Gary F has raised the following question about a remark John made concerning 
the SA in the EG:


"Having said that, I have to say also that some of the statements in your post 
are even more confusing than Peirce’s presentation in Lowell 2. You wrote, 
“Peirce said that a blank sheet of assertion is a graph.  Since it's a graph, 
you can draw a double negation around it.”  — Eh? How can you draw anything 
around the sheet of assertion, which (by Peirce’s definition) is unbounded?? 
Can you show us a replica?


It would be usual for those of us who learned Euclidean geometry in middle and 
high school to think of the SA as a surface that is akin to the Euclidean 
plane. Under the postulates that govern this system, parallel lines never meet, 
so we picture the plane as stretching out in all directions endlessly.
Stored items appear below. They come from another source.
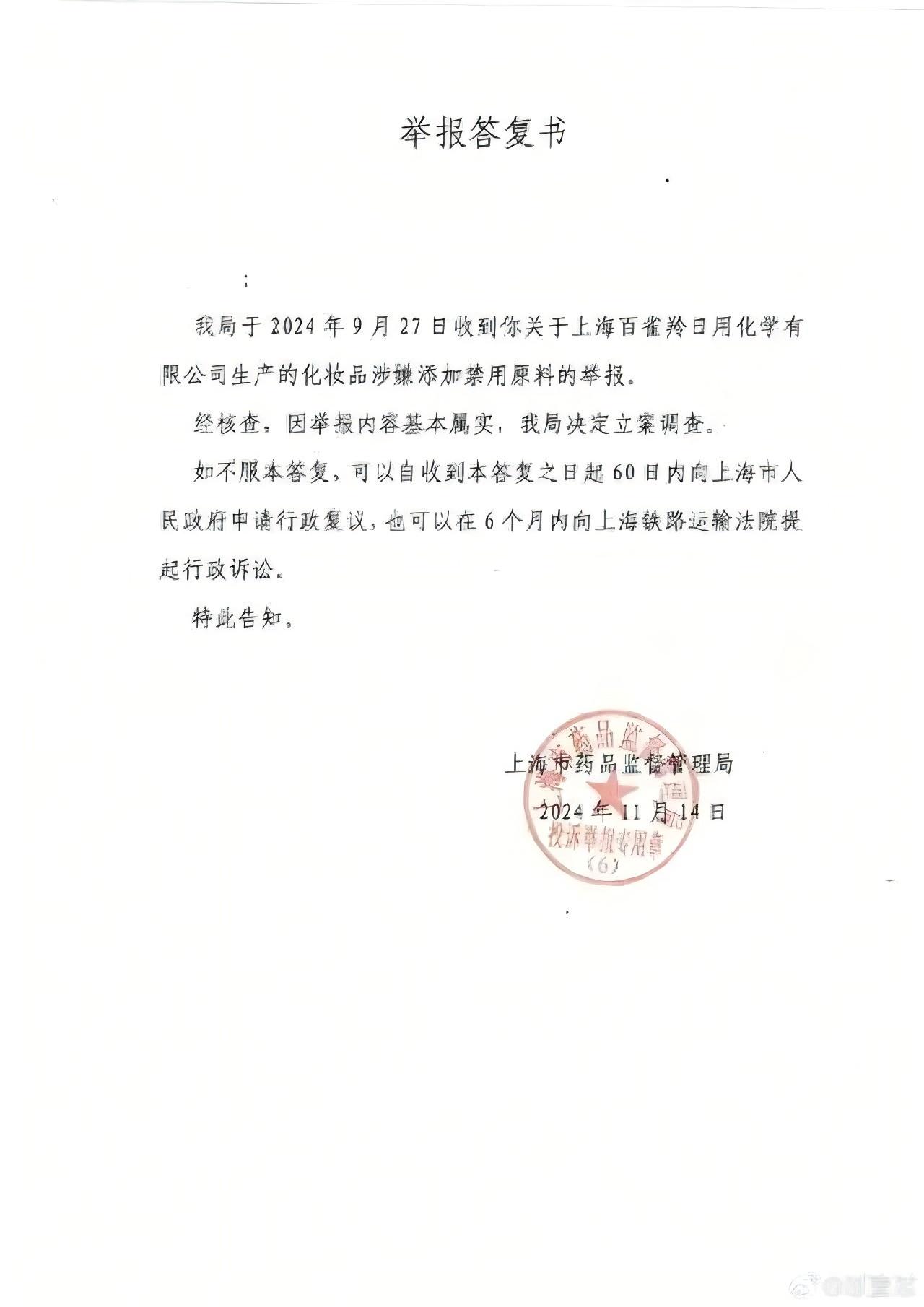 11月19日晚,有博主發(fā)文稱,百雀羚生產(chǎn)的化妝品涉嫌添加禁用原料,同時(shí)貼出了上海市藥監(jiān)局舉報(bào)答復(fù)書。該答復(fù)書蓋有上海市藥監(jiān)局投訴舉報(bào)專用章,其中提到,“經(jīng)核查,因舉報(bào)內(nèi)容基本屬實(shí),我局決定立案調(diào)查?!痹谠撐⒉┌l(fā)布幾個(gè)小時(shí)后,“百雀羚化妝品涉嫌添加禁用原料”相關(guān)話題于11月20日早上登頂熱搜。
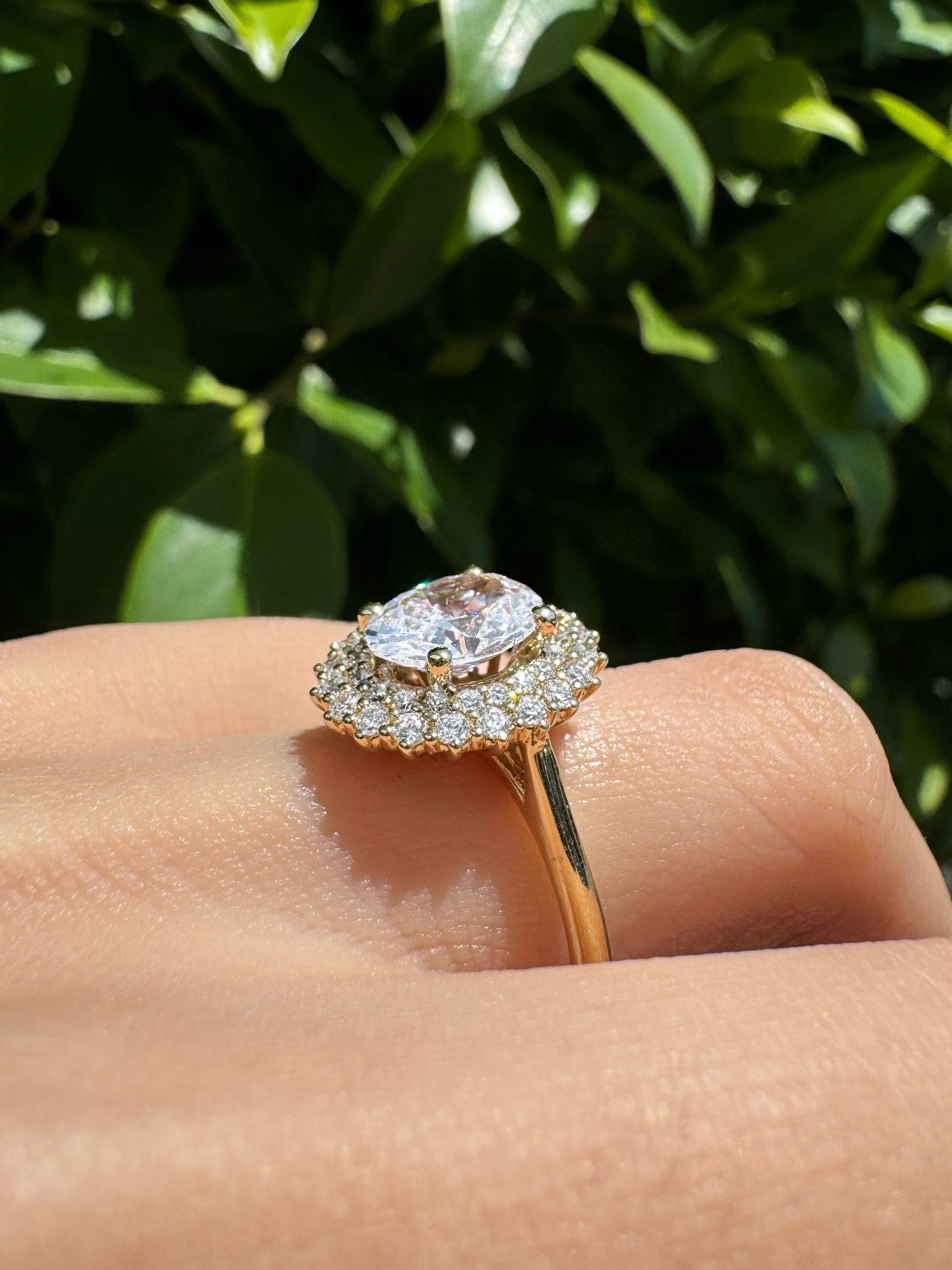 Surrounding the centre diamond, the double diamond halo amplifies the ring’s sparkle, creating a mesmerising interplay of light. The meticulous shared claw setting ensures a seamless and sophisticated finish, blending traditional elegance with modern allure.
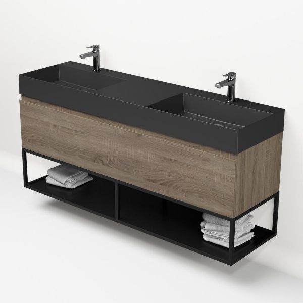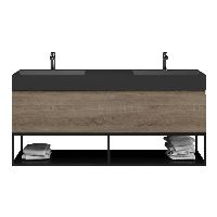 | Bellanti Solo/Tela/Azzurra badmeubel 160x46 2 softclose laden eiken donker greeploos keramiek dubbele wastafel antraciet 2 kraangaten met mat zwart metalen frame |

In topology, we think of an unbounded surface differently. After all, the 
figures constructed in a 2-dimensional topological surface can be stretched and 
twisted indefinitely without changing any of the continuous connections between 
the parts of such figures. Leaving aside the homoloidal character of lines 
taken to be straight and the metrical properties of such a surface, the 
underlying topology of the Euclidean plane is that of a parabolic surface. Such 
a surface is unbounded, but lines return to themselves. The reason is that the 
parabola surface has the global structure of a torus.


It is clear that Peirce is reflecting on the topological character of the SA 
itself as he explains the starting assumptions for the alpha and beta system of 
graphs. Such reflections are prominent in the NEM, the 9th Lecture in Reasoning 
and the Logic of Things, etc. The global character of the SA will be determined 
by the assumptions that govern the construction of figures in this 
2-dimensional surface. We can study this surface the same that that we would 
study any 2-dimensional surface in topology using the Euler characteristic, and 
we can study its global properties more carefully by reflecting on the 
additional features that Listing and Peirce added to Euler's version of the 
equation.


For a classification of types of surfaces based on the Euler characteristic, 
see:  https://en.wikipedia.org/wiki/Euler_characteristic

For richer explanations of Peirce's understanding and development of this 
formula, see:  Havenel, Jérôme. "Peirce’s topological concepts." New essays on 
Peirce’s mathematical philosophy (2010): 283-322.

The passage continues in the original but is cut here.